The sailor named Pittencream, a lanky individual who rolled with the movement of the deck like a true sailor, scuttled to do his bidding. Drinian cursed under his breath.
"I forgot, Rynelf has the wheel," he muttered. Caspian clapped him on the shoulder.
"There'll be no uproar, my Lord; Masters Pittencream and Rynelf have not forgotten the fine lecture you issued at Terebinthia!" he promised. To the children, he added, by way of apologetic explanation, "There is a little history between those two stout sailors. The Captain and I were summoned from our dinner the day after we quitted Terebinthia to separate them on the poop deck."
"Oh, dear!" said Lucy.
"Wasn't it known before they came aboard?" said Edmund.
Eustace only sniggered.
"Ah." Caspian blushed. "Yes, King Edmund, as a matter of fact, the unfortunate connection had been mentioned in our deliberations - we might have found four Dawn Treader crews from the volunteers who came forward for the voyage - aye, even knowing the risk of vanishing into the Great Eastern Sea. However, few of those eager volunteers were proven sailors. Rynelf and Pittencream were amongst them, and - well, when Drinian pressed on me the urgent need to avoid dissension within the crew, I - ahem! - Royal Prerogative, you understand."
It seemed to Lucy that the sailor Pittencream was rather pale when he returned, a fine, polished telescope in his hands which he extended, as if it might bite, toward his captain.

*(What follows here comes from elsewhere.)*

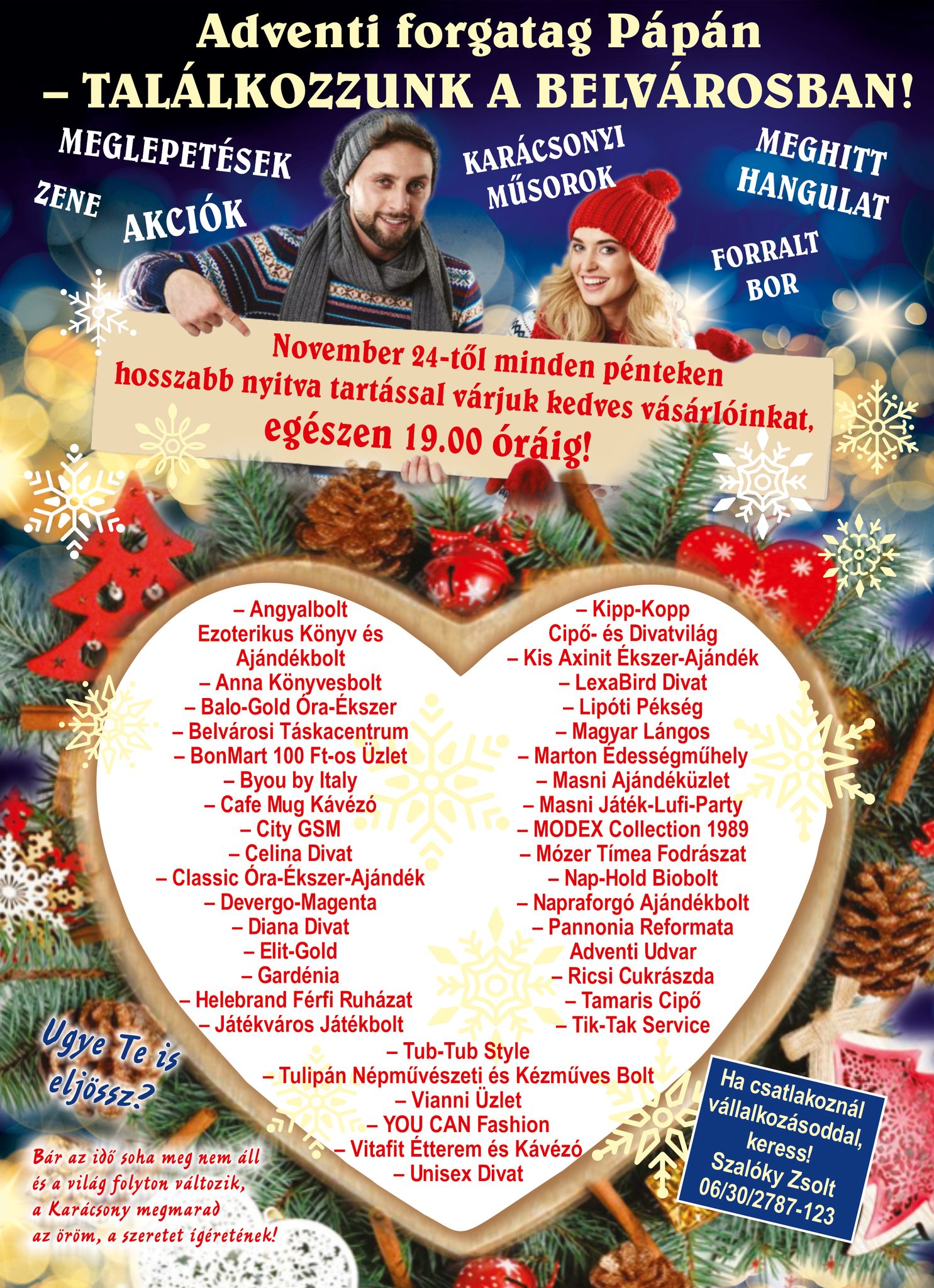 Az adventi időszakban programokkal, péntekenként az üzletek pedig hosszabb nyitva tartással várják az embereket a pápai belvárosban.

Drinian thanked him with a preoccupied air. "I'll lead the way," he said, tucking the tube under one arm. "None will think the worse of any passenger that chooses to stay safe on deck," he added kindly.

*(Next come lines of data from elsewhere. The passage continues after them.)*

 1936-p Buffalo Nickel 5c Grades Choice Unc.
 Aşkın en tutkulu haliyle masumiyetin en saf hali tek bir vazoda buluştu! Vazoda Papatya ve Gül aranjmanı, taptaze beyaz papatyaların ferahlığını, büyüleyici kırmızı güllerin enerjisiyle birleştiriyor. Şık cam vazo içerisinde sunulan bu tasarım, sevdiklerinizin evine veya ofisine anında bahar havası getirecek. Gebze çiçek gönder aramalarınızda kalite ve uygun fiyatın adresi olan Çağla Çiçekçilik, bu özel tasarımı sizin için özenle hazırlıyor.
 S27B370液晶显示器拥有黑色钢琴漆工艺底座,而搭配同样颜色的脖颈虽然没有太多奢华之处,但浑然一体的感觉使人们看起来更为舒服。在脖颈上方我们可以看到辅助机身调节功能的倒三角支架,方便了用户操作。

"I'm coming up!" Edmund exclaimed hotly. "Oh," he added, spying the relief on Caspian's face. "Sorry. You weren't thinking of me, were you, Drinian?"
"Best not to name names, Sire." Agile as a monkey, he was halfway up the solid mainmast beam. Made from a single Narnian oak, it could flex against the wind and withstand the buffeting of all but the mightiest seas. More slowly, Edmund and Lucy followed, taking care never to look down until they were safely within the stout-sided wooden bucket that wrapped around the mast, above the giant purple sail.

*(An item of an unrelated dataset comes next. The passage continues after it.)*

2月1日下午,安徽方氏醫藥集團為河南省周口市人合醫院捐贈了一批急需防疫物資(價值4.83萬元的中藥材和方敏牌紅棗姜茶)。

The two men taking their turn on watch carefully shifted around to allow the noble party room and privacy. "What happened with those two men?" Edmund asked, low voiced. Drinian sighed.
"Our Master Pittencream is at least as practised a swindler as a sailor, Sire; one of his victims being Rynelf's sister. We looked into the histories of every man that applied to serve. Casp - His Majesty concluded that, of necessity, the villain and his victim's kinsman would manage together."
"Rather silly of him," Edmund remarked.
"Our want of experienced seamen weighed heavily on His Majesty." Drinian remained sternly neutral, inwardly annoyed with his half-slip. "Oh, Narnia has few sailors, Your Majesties; for centuries the heirs of the Telmarines feared the very element that brought their ancestors to this world. Only now do we begin to exert ourselves as a maritime power again.
"Rynelf and Pittencream, to summarise, were brought together on board at His Majesty's insistence; both pledged to live neighbourly. And, for the first two weeks, they did.
"Then we quitted Terebinthia; by some oversight on my part, they were placed on deck together. As we sat to dinner, words were spoken. Before we know it, a rare ruckus has broken out; it took Rhince and myself to pull them apart, and two more men each to carry them down to the hold. Look, Queen Lucy! See, over to the nor'-east, a Galleon Gull. We'll sight land on the morrow, I'd wager my last Lion on it!"